■ **Problem description**
The listing below should be printed exactly, though its pictures must not be.

■ **Input data**
########
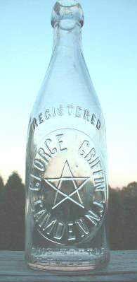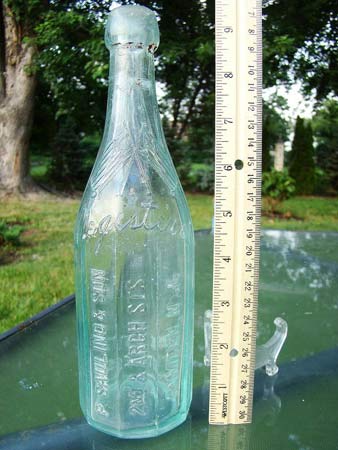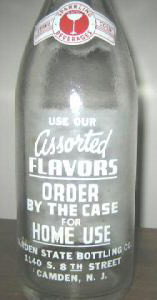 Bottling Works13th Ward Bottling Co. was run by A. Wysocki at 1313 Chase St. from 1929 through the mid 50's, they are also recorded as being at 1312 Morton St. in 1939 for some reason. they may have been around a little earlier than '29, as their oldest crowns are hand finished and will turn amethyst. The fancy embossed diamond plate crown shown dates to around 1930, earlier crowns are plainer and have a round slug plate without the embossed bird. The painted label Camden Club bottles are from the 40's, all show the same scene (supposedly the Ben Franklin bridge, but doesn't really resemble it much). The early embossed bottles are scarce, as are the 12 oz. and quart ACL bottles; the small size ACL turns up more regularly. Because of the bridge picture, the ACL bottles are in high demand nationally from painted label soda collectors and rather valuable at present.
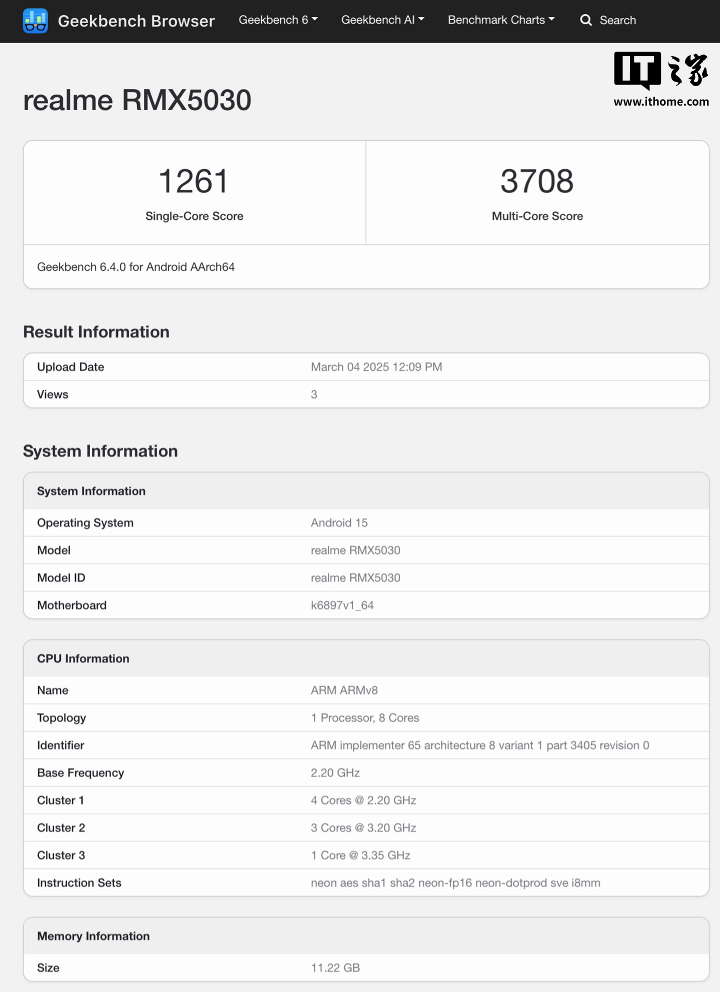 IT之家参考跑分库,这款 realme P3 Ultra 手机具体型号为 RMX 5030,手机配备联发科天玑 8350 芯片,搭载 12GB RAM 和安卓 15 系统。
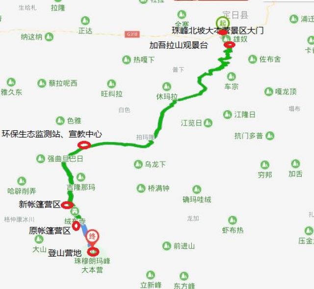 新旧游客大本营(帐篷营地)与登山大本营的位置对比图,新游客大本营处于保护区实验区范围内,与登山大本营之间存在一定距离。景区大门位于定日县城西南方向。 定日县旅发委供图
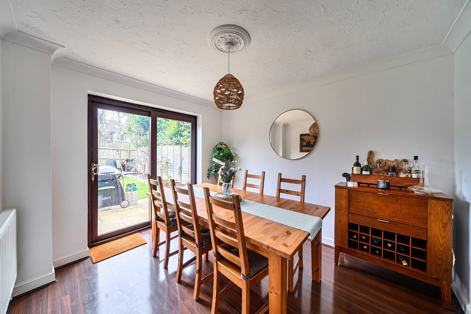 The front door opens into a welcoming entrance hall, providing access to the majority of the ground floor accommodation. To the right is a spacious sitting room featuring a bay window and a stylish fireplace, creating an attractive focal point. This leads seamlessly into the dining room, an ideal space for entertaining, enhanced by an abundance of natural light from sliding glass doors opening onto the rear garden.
########
■ **Solution for this problem**
 Bottling Works13th Ward Bottling Co. was run by A. Wysocki at 1313 Chase St. from 1929 through the mid 50's, they are also recorded as being at 1312 Morton St. in 1939 for some reason. they may have been around a little earlier than '29, as their oldest crowns are hand finished and will turn amethyst. The fancy embossed diamond plate crown shown dates to around 1930, earlier crowns are plainer and have a round slug plate without the embossed bird. The painted label Camden Club bottles are from the 40's, all show the same scene (supposedly the Ben Franklin bridge, but doesn't really resemble it much). The early embossed bottles are scarce, as are the 12 oz. and quart ACL bottles; the small size ACL turns up more regularly. Because of the bridge picture, the ACL bottles are in high demand nationally from painted label soda collectors and rather valuable at present.
 IT之家参考跑分库,这款 realme P3 Ultra 手机具体型号为 RMX 5030,手机配备联发科天玑 8350 芯片,搭载 12GB RAM 和安卓 15 系统。
 新旧游客大本营(帐篷营地)与登山大本营的位置对比图,新游客大本营处于保护区实验区范围内,与登山大本营之间存在一定距离。景区大门位于定日县城西南方向。 定日县旅发委供图
 The front door opens into a welcoming entrance hall, providing access to the majority of the ground floor accommodation. To the right is a spacious sitting room featuring a bay window and a stylish fireplace, creating an attractive focal point. This leads seamlessly into the dining room, an ideal space for entertaining, enhanced by an abundance of natural light from sliding glass doors opening onto the rear garden.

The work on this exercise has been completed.